### Task objective
Copy out again, unchanged, the listing below from the line that has "01 0508 vor" through the line that has "地元野菜を贅沢に使用した手作".

### Dataset entries

--- START ---

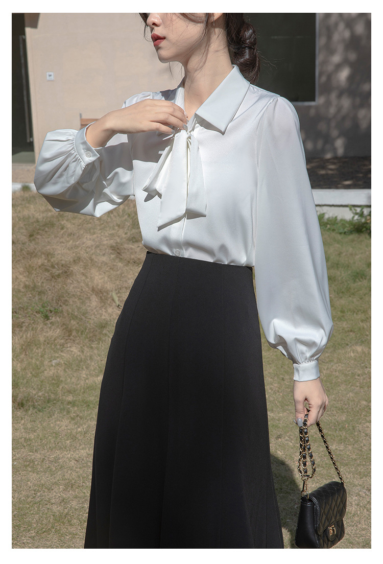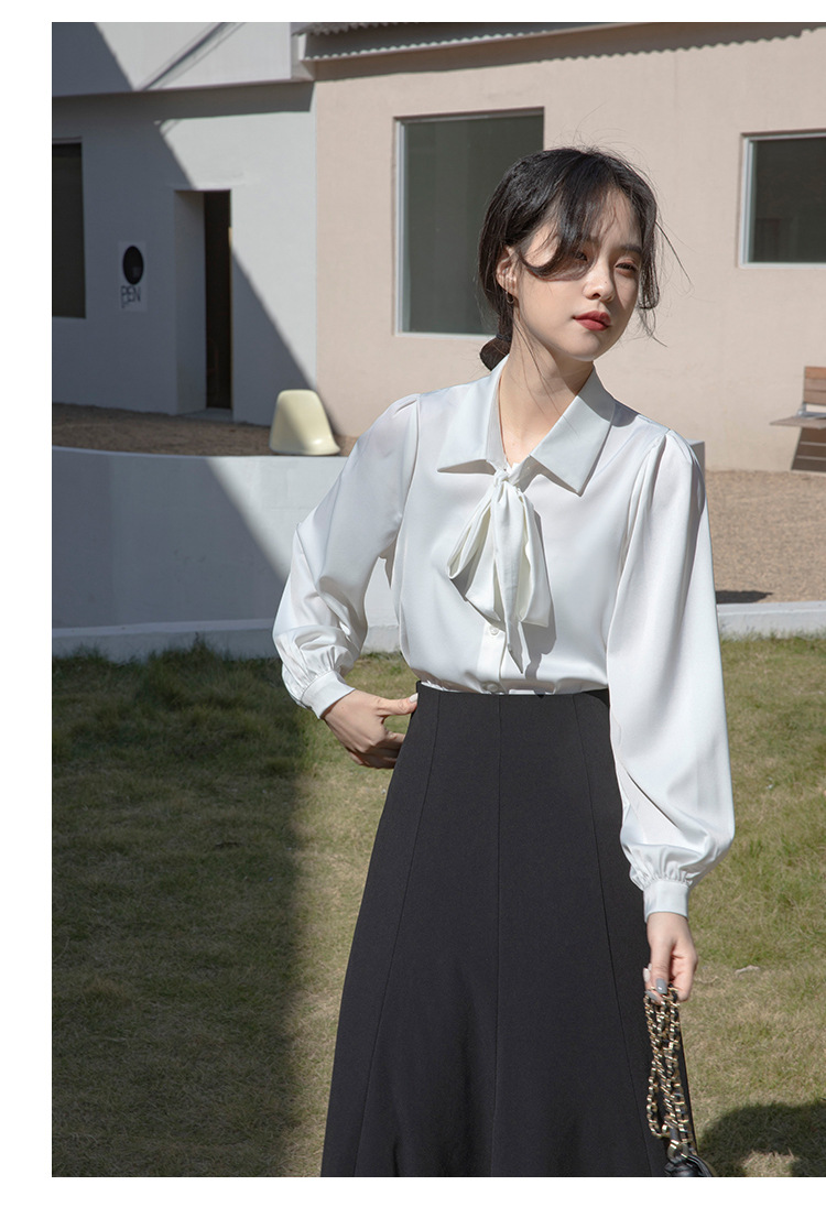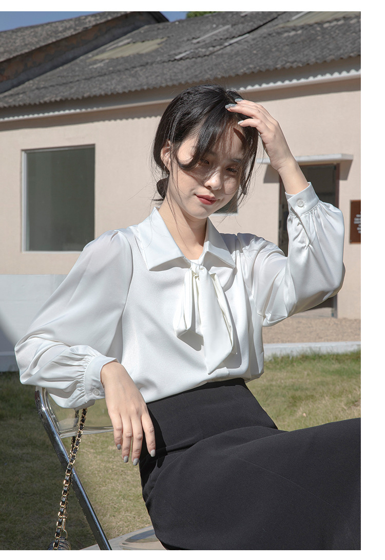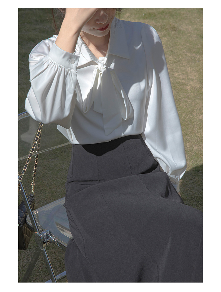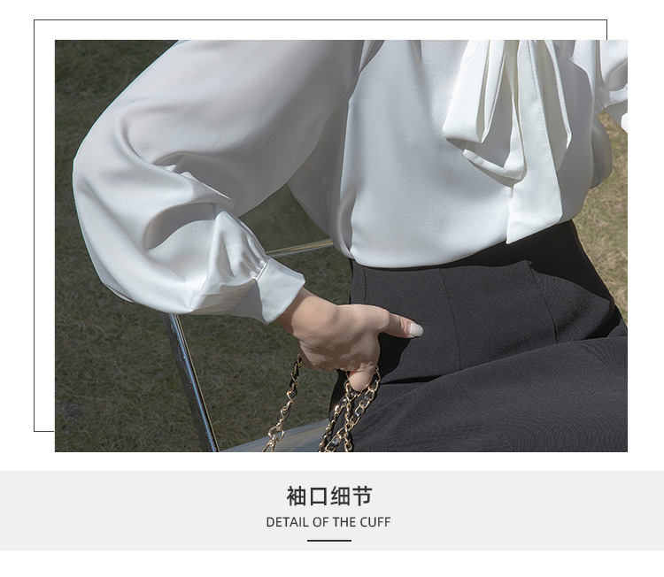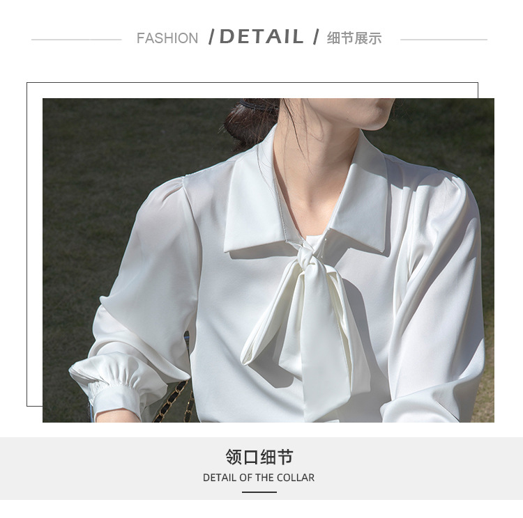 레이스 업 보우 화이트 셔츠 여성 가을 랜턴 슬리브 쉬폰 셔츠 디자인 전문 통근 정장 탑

--- END ---
--- START ---

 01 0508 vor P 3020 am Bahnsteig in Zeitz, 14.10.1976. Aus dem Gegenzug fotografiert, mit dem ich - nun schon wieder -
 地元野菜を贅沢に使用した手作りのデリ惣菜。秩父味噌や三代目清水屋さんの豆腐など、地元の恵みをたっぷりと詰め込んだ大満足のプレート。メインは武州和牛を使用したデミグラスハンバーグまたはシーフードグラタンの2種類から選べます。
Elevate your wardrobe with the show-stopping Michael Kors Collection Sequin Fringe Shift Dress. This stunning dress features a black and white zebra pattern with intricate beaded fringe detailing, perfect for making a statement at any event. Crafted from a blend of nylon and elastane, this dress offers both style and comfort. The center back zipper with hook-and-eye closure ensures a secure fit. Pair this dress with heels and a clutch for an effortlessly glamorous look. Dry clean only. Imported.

--- END ---

### Answer space
 01 0508 vor P 3020 am Bahnsteig in Zeitz, 14.10.1976. Aus dem Gegenzug fotografiert, mit dem ich - nun schon wieder -
 地元野菜を贅沢に使用した手作りのデリ惣菜。秩父味噌や三代目清水屋さんの豆腐など、地元の恵みをたっぷりと詰め込んだ大満足のプレート。メインは武州和牛を使用したデミグラスハンバーグまたはシーフードグラタンの2種類から選べます。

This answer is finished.